Figure 7 shows the calculation process applied for knowledge alignment. The first step is the consistency calculation of the extracted texture, structure and mineral composition information. Based on the extracted rock type, Cypher, a graphic query language, is used to match the extracted textures, structures, major minerals and minor minerals with their corresponding information of this rock type in the KG one by one. To evaluate the matching results of step 1, if there are mismatched extraction knowledge triples, step 2 is executed. If all triples match, the algorithm proceeds to step 3. The unmatched triples of step 2 may be an error description or new knowledge, and the program returns the mismatch information. At the same time, the program automatically saves the rock description text to the corpus, which should be manually verified. Step 3 involves matching the rock entity extracted from the rock description text with the rock entities in the petrographic KG, which conform to the characteristics of the extracted texture, structure, major minerals and minor minerals. The output of this step is the number of rock entities that match the description. The process is terminated if only one match is found; if two or more entities are returned in step 3, then step 4 is executed. In step 4, the program indicates that there are some rock entities with the same descriptive characteristics. The knowledge identified between the rock entities is returned. This step plays the role of knowledge recommendation while conducting the consistency calculation.
As an example, in Table 2 the rock description text for a granitic gneiss outcrop is presented. The extracted rock entity name, structure entities, texture entities and mineral entities, along with the relations of the major and minor minerals, are described. Figure 8a is the subgraph for granitic gneiss. The consistency calculation for the extracted triples went through steps 1 and 3. In the petrographic KG, only granitic gneiss has the same characters extracted from the rock description text. Table 3 is the rock description text for another eclogite outcrop, and Figure 8b is the subgraph of the petrographic KG for eclogite. The consistency calculation after knowledge extraction also involves the execution and termination of steps 1 and 3.
For the quartz-muscovite schist, the application of the knowledge extraction and consistency calculation process demonstrated that muscovite is described as the major mineral in most quartz-muscovite schist description texts. However, muscovite is the minor mineral in the standard description of quartz-muscovite schist. The process executed steps 1 and 2 in turn and terminated. The related rock description text was automatically stored in the corpus waiting for manual validation by users of the proposed framework. A review by geologists revealed that the reason for the mismatch was the imprecise description by investigators.

4. Discussion

4.1. Error Transformation in Pipeline Mode

In this paper, comparative experiments were carried out on the sequence labelling models used for the rock NER and the R-Transformer relation classification models used for the relation extraction. Table 4 shows the results of the comparative experiments, which shows that the sequence labelling model and the relation classification model based on BERT achieved the best performance in the naming entity and relation extraction based on the F1 scores. In particular, the F1 value of the BERT-based sequence labelling model reached 98.04%. This high accuracy can reduce the errors of the NER stage effectively and remedies the deficiencies of the error transmission in the pipeline mode. Meanwhile, there was relatively little difference between the performance of the various models. The possible reason is the corpus size. Further experimental studies on the comparison of different models under corpora of different scales will be carried out in the future.

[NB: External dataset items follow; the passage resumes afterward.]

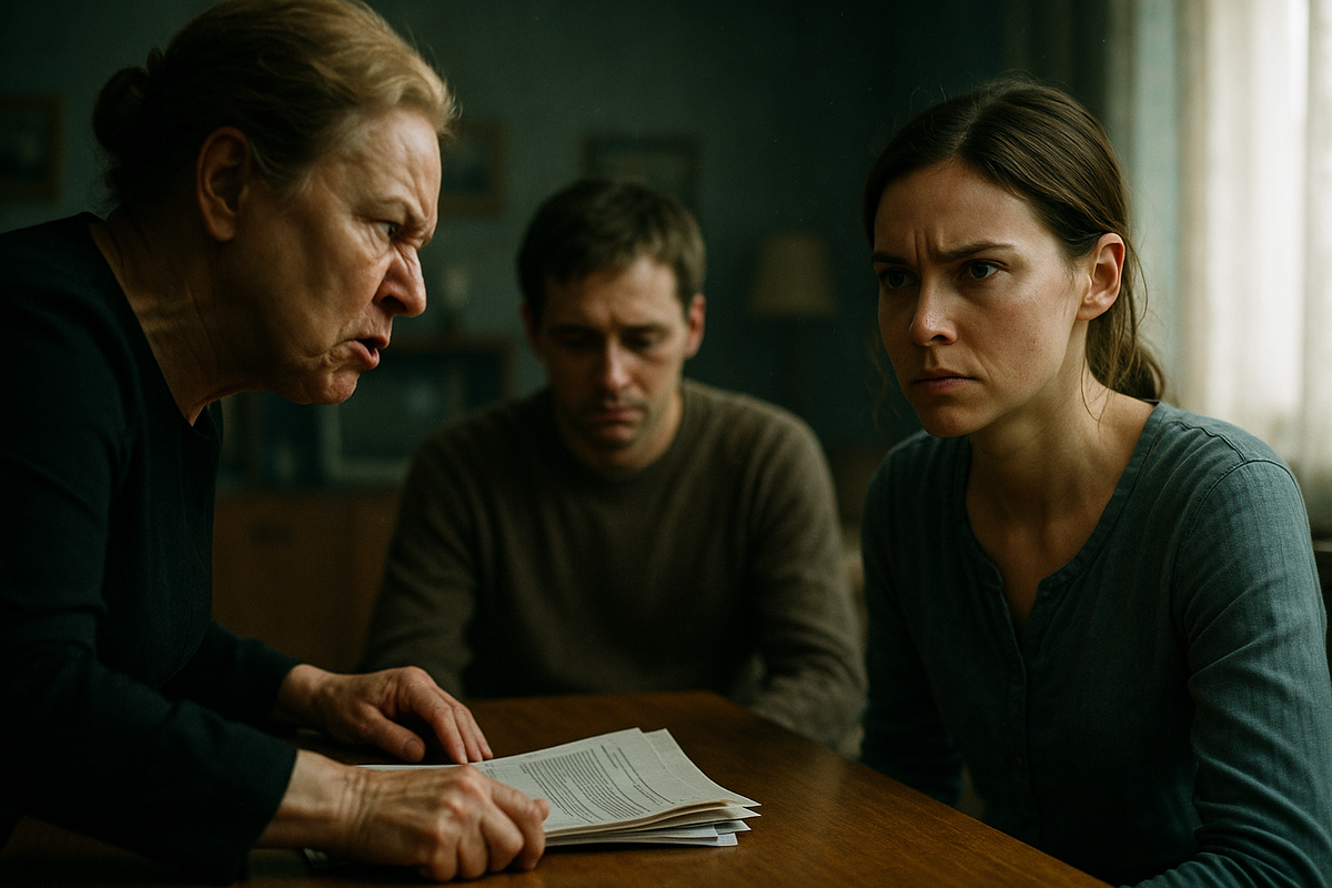 Вечером они сидели за большим круглым столом в гостиной. Воздух был тяжёлым, пахло валерьянкой и пылью. Таисия Ефимовна, вся в чёрном, положила перед собой пухлую папку с бумагами. Ульяна демонстративно смотрела в телефон, делая вид, что происходящее её не касается. Глеб сидел сгорбившись, глядя в одну точку.
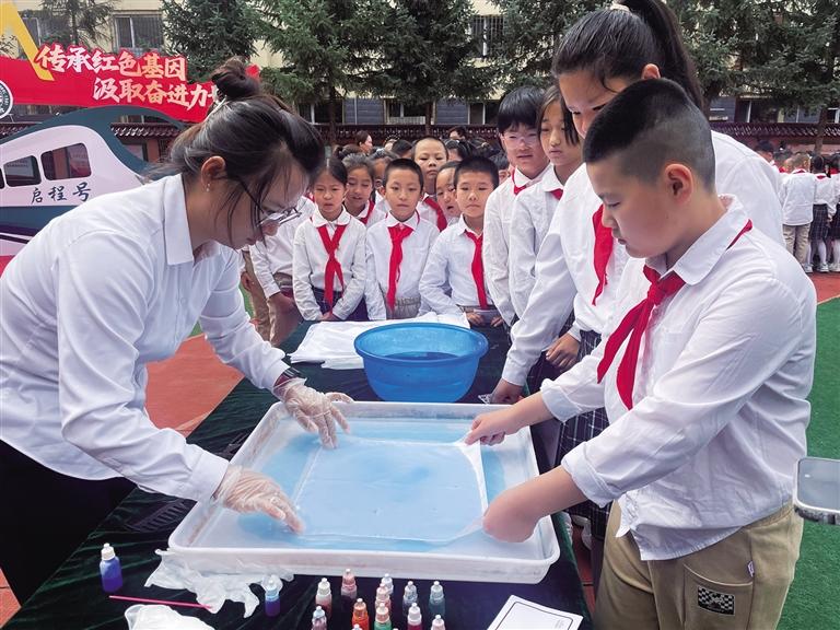 新华小学车站校区则将呼和浩特博物院“搬”进校园。博物院专家以将军衙署戍边历史、昭君出塞促进民族团结等故事为切入点,讲述了北疆文化的深厚底蕴。此外,学生们还体验了瓦当拓印、甲骨文临摹、香囊制作等活动。
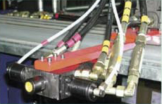聚氨酯組分原料經(jīng)過連續(xù)高壓發(fā)泡機的計量泵精密計量后,按照一定配比,被送入混合頭均勻地布料在復(fù)合板的底層面材上,并和上層面材同時被送入雙履帶層壓輸送機,聚氨酯泡沫在雙履帶層壓輸送機的上下輸送鏈板間發(fā)泡,并固定成型。待固定成型后,復(fù)合板在生產(chǎn)線上被自動跟蹤,切斷機按需切成一定長度的成品。
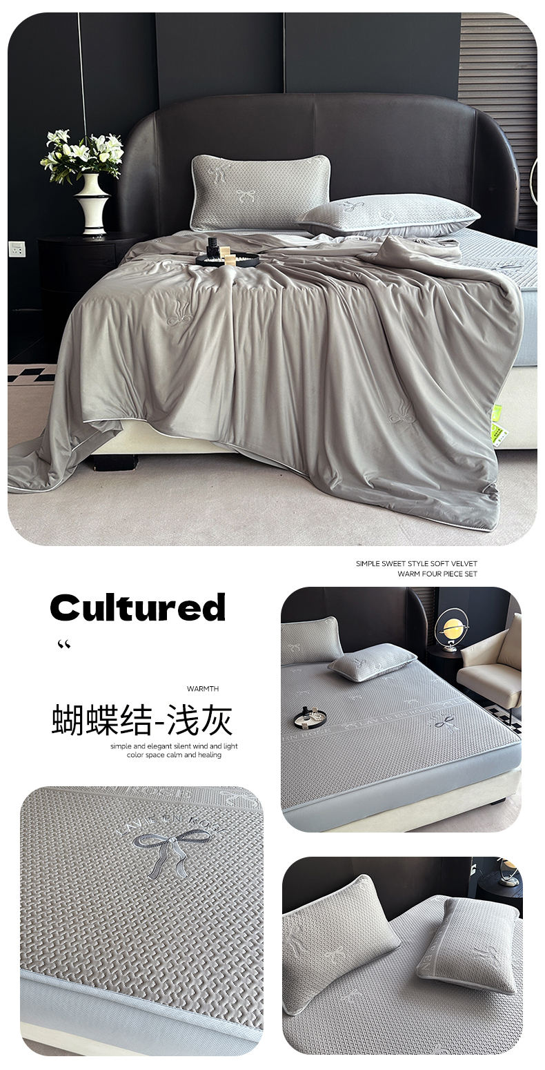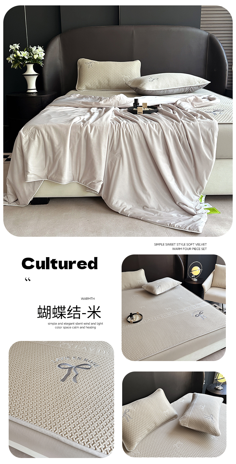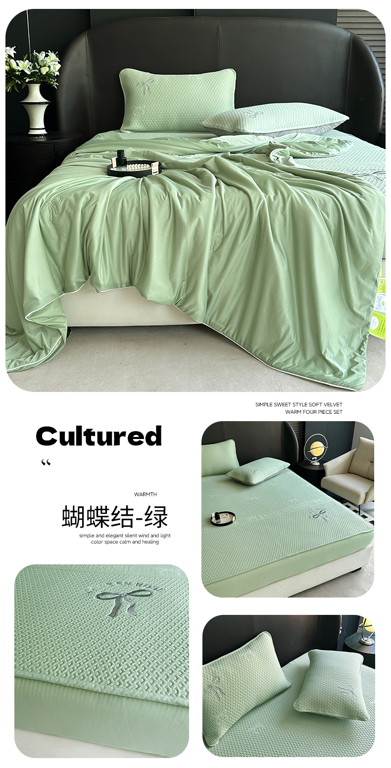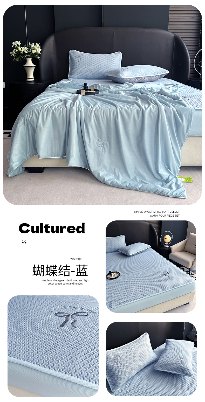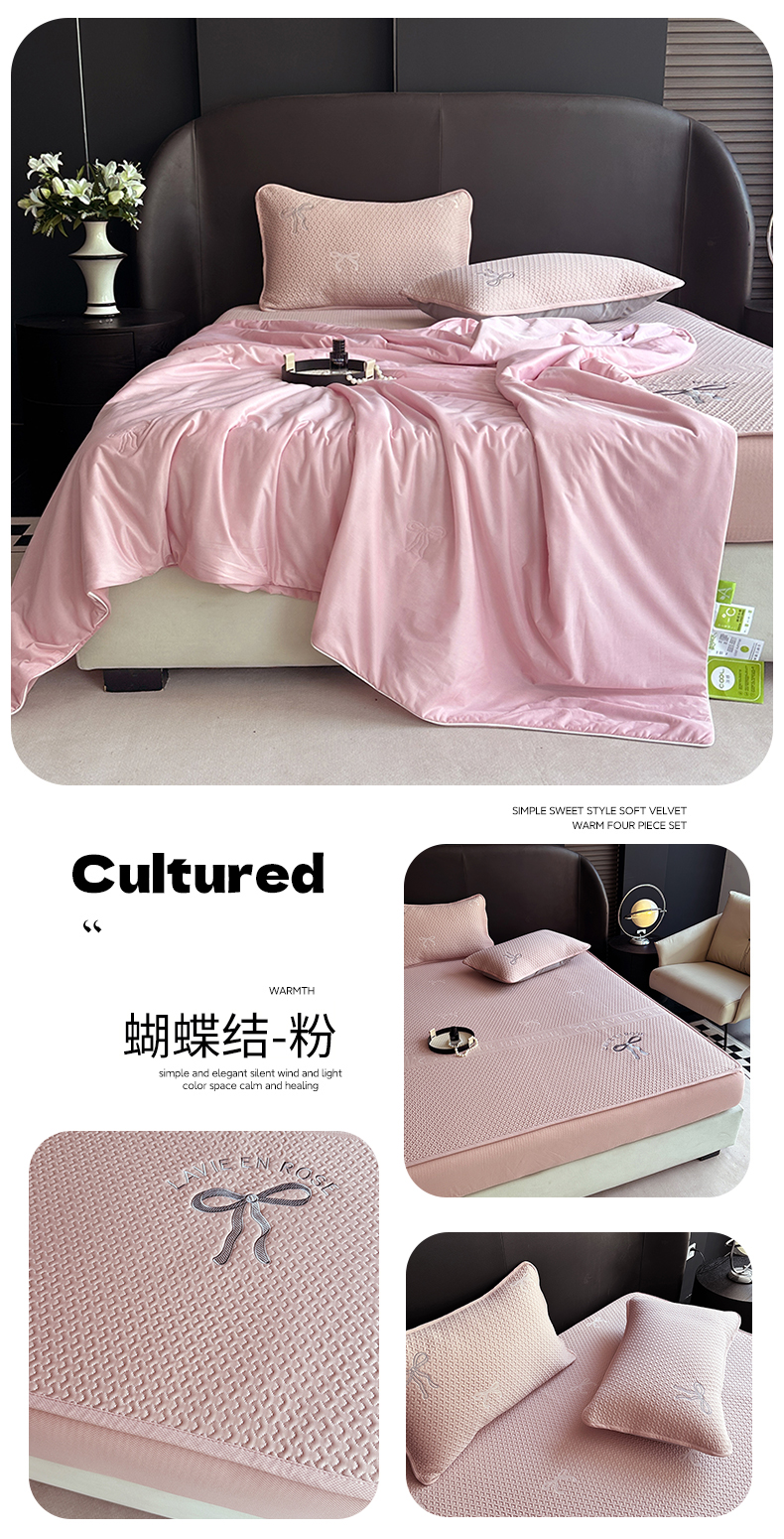 (总)网客家纺 2025新款冰豆豆蝴蝶结绣花床笠夏被四件套系列

4.2. Integration of Variant Data and Specifications

In digital mapping systems, apart from the unstructured data, there are also important structured data, which are more important, such as the location, landform and mapping unit of the geological observation point. At present, the objects of information extraction in the geosciences are mostly unstructured data, including texts and documents. However, based on the experience of domain-specific KG formulation in other fields, structured data are also an important source of knowledge. The integration of structured and unstructured data to realise the rapid construction of a large-scale KG is an aspect that needs further research.
In geological texts, a common occurrence is that the use of the terms “texture” and “structure” is confused. However, in petrology specifications, such as the terminology classification and code of geology mineral resources, Part 10: Petrology (GB/T 9649.10-2009), the terms “texture” and “structure” have unambiguous definitions. In this paper, standardised terms are stored in the KG of petrography as a form of prior knowledge. If a nonstandard entity term is extracted or separated, a triple consisting of the term will have difficulty passing the consistency calculations.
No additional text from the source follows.